I was in Gulf Shores for an in-law family vacation 10 years ago or so. Oriskany seems more like a tech dive than anything else, so we didn't bother with visiting it just to tool around the upper bridges. Instead we visited an inshore pile of broken concrete that used to be a roadway bridge, in lime green water. Breathtaking. At that point we wrote the entire area off as a bogus dive destination and haven’t been back since.

Oh well. “Hello, Horizon? …..” 😎
 
It is definitely closer for many folks than South FL or the Keys. Florida is a LONG state. Even though I'm in state, I'm every bit of 9-10 hours from Destin/Pensacola. I can get to Pompano Beach in 2 hrs, Key Largo in 3 hrs and Key West in 6 hrs. When I want a "big boy wreck dive", I can hit the deeper wrecks off of Pompano, or the SG or the Vandenberg. I can't see myself driving up to the panhandle to dive the SSUS, although it does have the potential to be a very cool dive!

You'd think in Tampa I have it made to scoot up to the Panhandle.

I planned three dives to the Oriskany with some heavyweights in the dive industry and all three times we were weathered out.

I can get on the Hydro Atlantic with Trimix and knock out a first class, technical wreck dive with DPV without any drama and be back home in Tampa to grill steaks in the evening.

Pensacola and the Orsikany? Not so much.
 
All the time and money invested in this new wreck would have been better spent on sinking a few smaller wrecks that could have been placed closer to shore thus mitigating most of the problems mentioned on this thread.

Even better would be to sink them in line with the currents and create a wreck trek as was done elsewhere.

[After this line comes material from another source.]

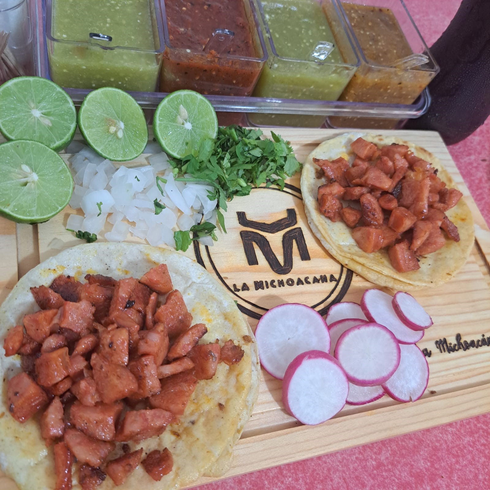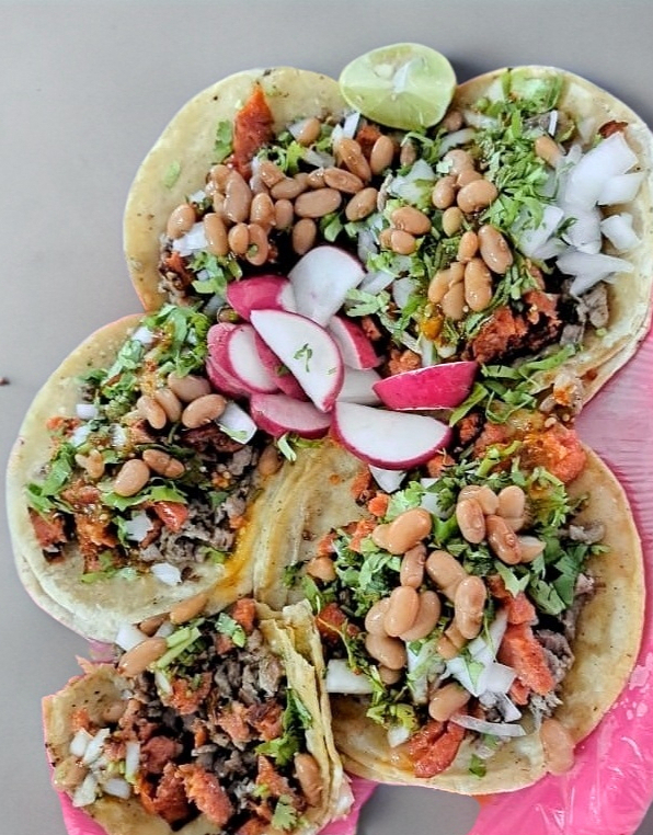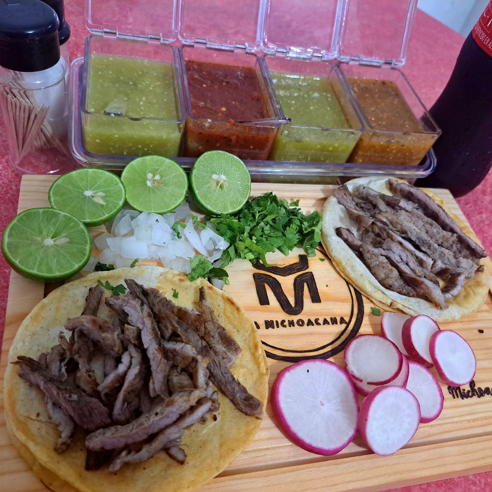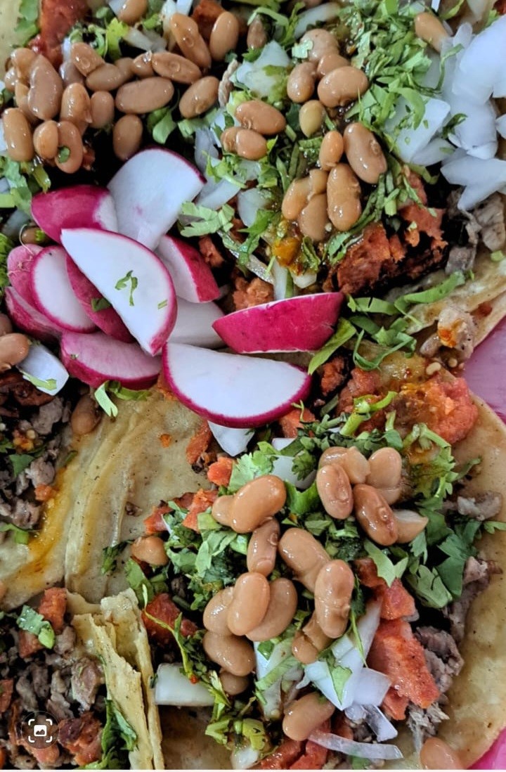 Carne a elegir: Incluye salsa roja y verde, cilantro, cebolla, lechuga, rábanos, frijoles, limón y tortillas.

The inconvenient location in the panhandle, the long expensive boat ride and high possibility of getting canceled keeps it off my bucket list and it's fair to say my opinion is shared by countless divers.
 
I think I’m getting the point. This is nothing like the convenience of the keys and $38 a tank. I heard it’s like a 2 hr ride to get that far? I had no idea. What a bummer. A waste of a good ship, really.